I didn't expect to be crying today. I didn't expect to be afraid. My London, my beautiful city, my home, has been filled with an evil fear. These atrocities are unforgivable, but that's all I'm going to say, the show must go on.
Old witch, shall we try Aldwych, like, do I know the way to Aldwych. Talk about paranoia. What was my head going through last week? The party to end all parties, 300 lunatics dancing like maniacs. There wasn't one person who left my place without bruised knees. Half of London looked like they'd gone to a giant gang-bang, but that's what happens when you dance on tables.
I went to bed at seven. My studio assistant, Trilby, she didn't actually go to bed at all. She left the studio with a glass of champagne and her dress ripped right up to her backside, pinned together with a bulldog clip, and with her breasts hanging out everywhere, proceeded to get into a taxi, may I add, not sober.
This is where the fun starts. She had no money, so she had to get the taxi to stop at a cashpoint. As she got out, she dropped the glass and it smashed. The taxi driver went ballistic and demanded she pay him £100 for the damage. Trilby, in her drunken stupor, told him to bugger off, and, can I say, in a very posh tone, a touch of the 1930s debutante.
At which the taxi driver flagged down a police car. The policeman started having a go at Trilby and, quiet rightfully, she said, "Don't be a knobhead, it's only a glass." Whoops! The handcuffs were out, and she was carted off to the cells for the night. They released her at 3 o'clock the next day, and on returning her possessions, handed her one bulldog clip.
My friend Harriet had her bag stolen last week, snatched from her, where were the police then? I had my windows shot at by an air rifle, the police haven't even bothered to come and look at the holes. They told us to photograph it and they'd add it to the file. They did turn up at my party, though. At which I said, "Who the fuck ordered me a strippergram?"
I did something exciting this week that I haven't done in a long time. I started boxing again. Left jab, left jab, right jab, left jab, right hook, left hook, left jab, right jab. My hands have been shaking for two days. It feels incredible, the adrenaline. My whole body feels alive. It's good, it's intelligent exercise, and the amount of concentration is phenomenal. Anyone who knows me very well, will tell you that I have this strong powerful streak in me. I think it's because I don't fuck enough, so the boxing comes as a great relief. Plus, a girl's got to be able to look after herself, because no one's going to do it for me.

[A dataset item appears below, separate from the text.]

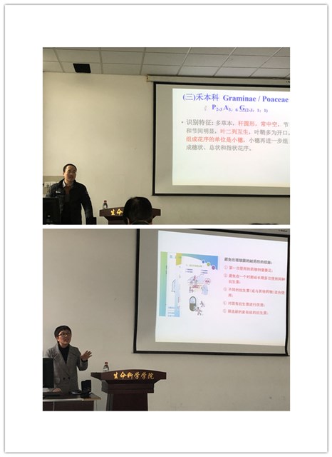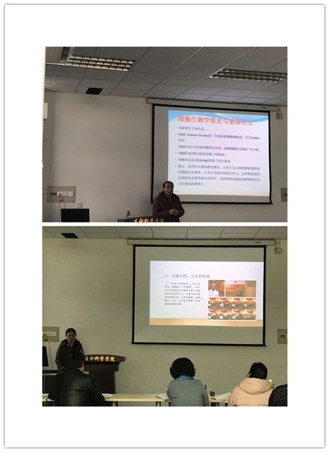 汇报中,2018年校级“课程思政”示范课程《植物学》、《微生物学》、《细胞生物学》、《生物工程设备》、《分子生物学综合实践》、《植物生理学》、《生物化学》负责人分别汇报了课程中如何将育人“思政元素”融入专业基础课和专业实验课程知识体系建设中,介绍了课程思政的设计思路与教学策略设计,以及开展的主要工作,包括如何通过教学方法改革提高育人效果,如何从问题导向切入思政元素,简明扼要的介绍了每个教学案例,以及如何在案例中融入真情实感,如何把“思政元素”做为“盐”来提高课程的“味道”等经验与体会;将公司的校史、校训教育融入到知识传授过程中,将“西农精神”和“杨凌精神”的培养融入到知识传授过程中,融入公司小麦育种专家李振声、赵洪璋院士和王辉教授的感人事迹,弘扬西农精神;生物工程设备作为工科专业课,在“思政元素”融入课程时,结合“特种设备事故案例”,“中兴事件”,“大国工匠”等案例,使员工认识到自己肩负的责任对他人和社会的重要性,从专业领域角度引导员工关注我国制造业的发展,鼓励员工从自身做起,为我国的民族产业出一份力。挖掘他们的工匠精神,例如脚踏实地、持之以恒、敬业负责、创新、精益专注等;在实验课的课程思政元素融入中采用了问题式教学法,从实验中的现象出发,引出员工们的思考,进而对其进行专业知识教育,同时实现科学素养和科研品质培养的育人目的。

Meercats. After Princess Diana's funeral, the programme that followed was Meercats United. We'll probably see the meercats on our TVs this week.
What's so wonderful about these little creatures is the fact that they have such an egalitarian society. They are true socialists. When they go out hunting and gathering, they don't take their babies with them, and two or three other meercats are delegated to look after them. The meercat crèche. And this is what's really clever: the mummy meercats don't look after their own babies, so if under attack there'll be no bias as to which baby they help. Really cool.
They also do this other really great thing. When threatened, say by a snake or a jackal, the meercats will climb up onto each other's shoulders and with their backs towards the sun, make one big weird shadow. Big motherfucker!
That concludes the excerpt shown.